Song
- Composer: Antônio Carlos Jobim
- Lyricists: Vinicius de Moraes (Original) Gene Lees (English)

= Someone to Light Up My Life =

Song by Antônio Carlos Jobim for the play Orfeu da Conceição

"Someone to Light Up My Life" (Portuguese: "Se Todos Fossem Iguais A Você", "If Everyone Was Like You") is a song composed by Antônio Carlos Jobim, with lyrics by Vinicius de Moraes. It was written for the play Orfeu da Conceição (1956). English lyrics were added by Gene Lees.

== Notable recordings ==
- Elizete Cardoso – Noturno (1957)
- Sylvia Telles – Caricia (1957)
- Charlie Byrd – Brazilian Byrd (1965)
- Vic Damone – Stay with Me (1966)
- Antônio Carlos Jobim – A Certain Mr.

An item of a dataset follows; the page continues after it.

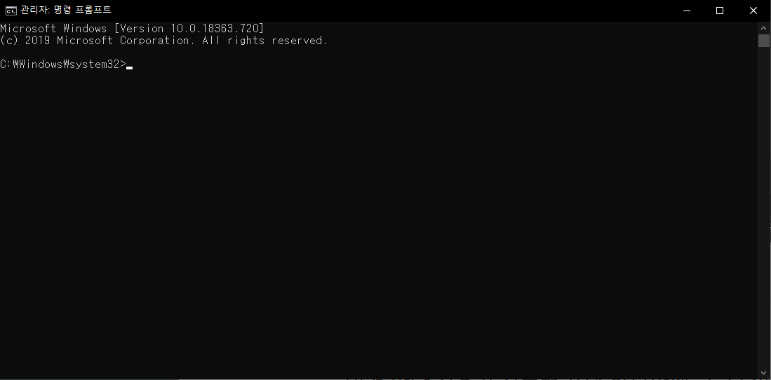 이상한 검은 화면이 떴다 이제 아래 글자만 복사해서 붙여넣어주고, 엔터 하면 끝임
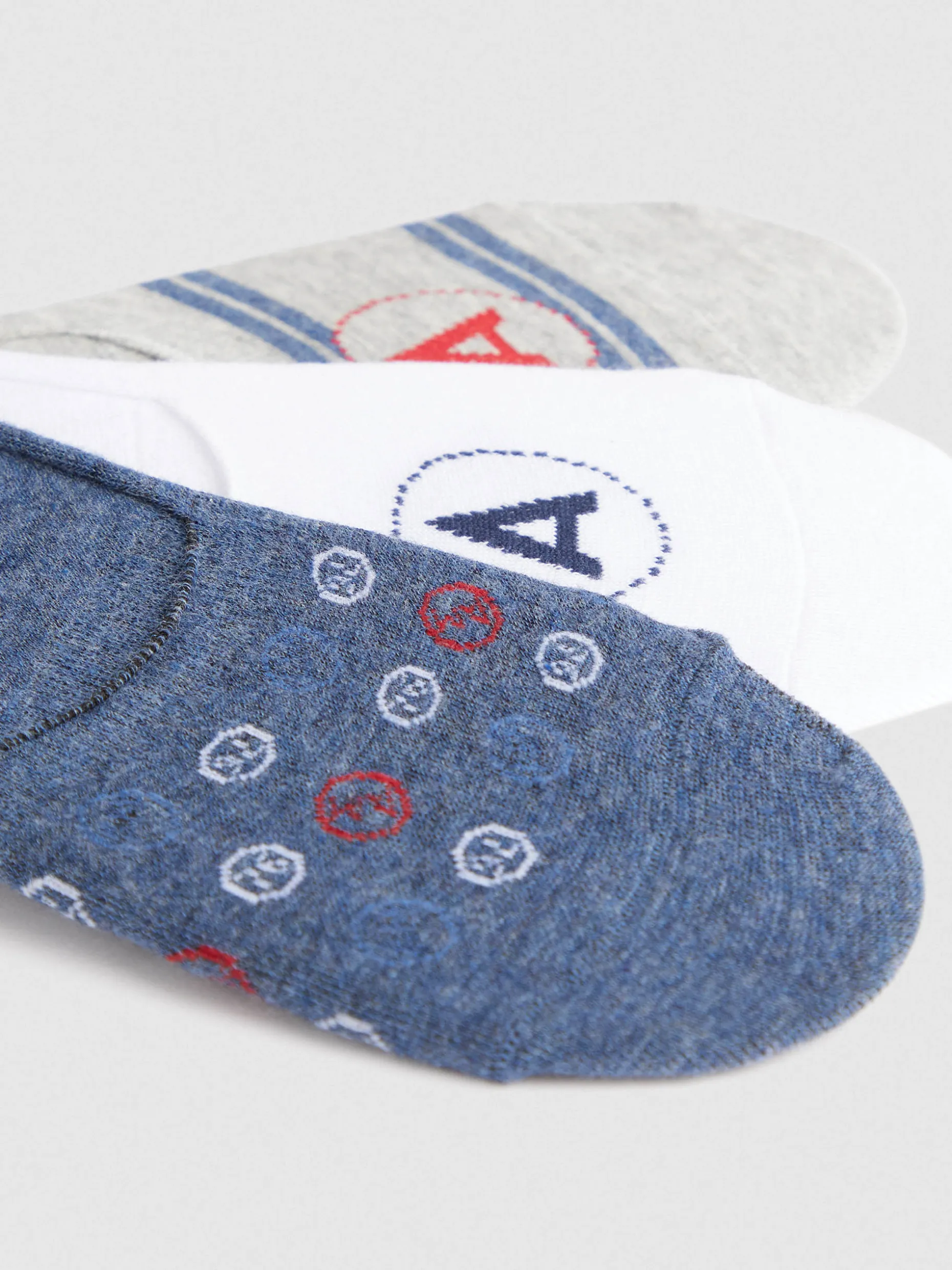 Pack de tres pares de calcetines estilo pinkys con diseños personalizados. Acabado en rib para un ajuste perfecto.

Jobim (1967), Terra Brasilis (1980)
- Jack Wilson – Song for My Daughter (1969).
- Frank Sinatra and Antônio Carlos Jobim – Sinatra & Company (rec. 1969, released 1971)
- Vinicius de Moraes – En La Fusa con Maria Creuza y Toquinho (1970).
- Tony Bennett – The Good Things in Life (1972).
- Dick Farney – Noite (1981)
- Sylvia Syms – Syms by Sinatra (1982) (orchestrated by Frank Sinatra)
- Kenny Burrell – Groovin' High (1984)
- Mark Murphy – Brazil Songs (1984).
- Gal Costa – Gal Costa Canta Tom Jobim ao Vivo (1999).
- Toninho Horta – To Jobim with Love (2008).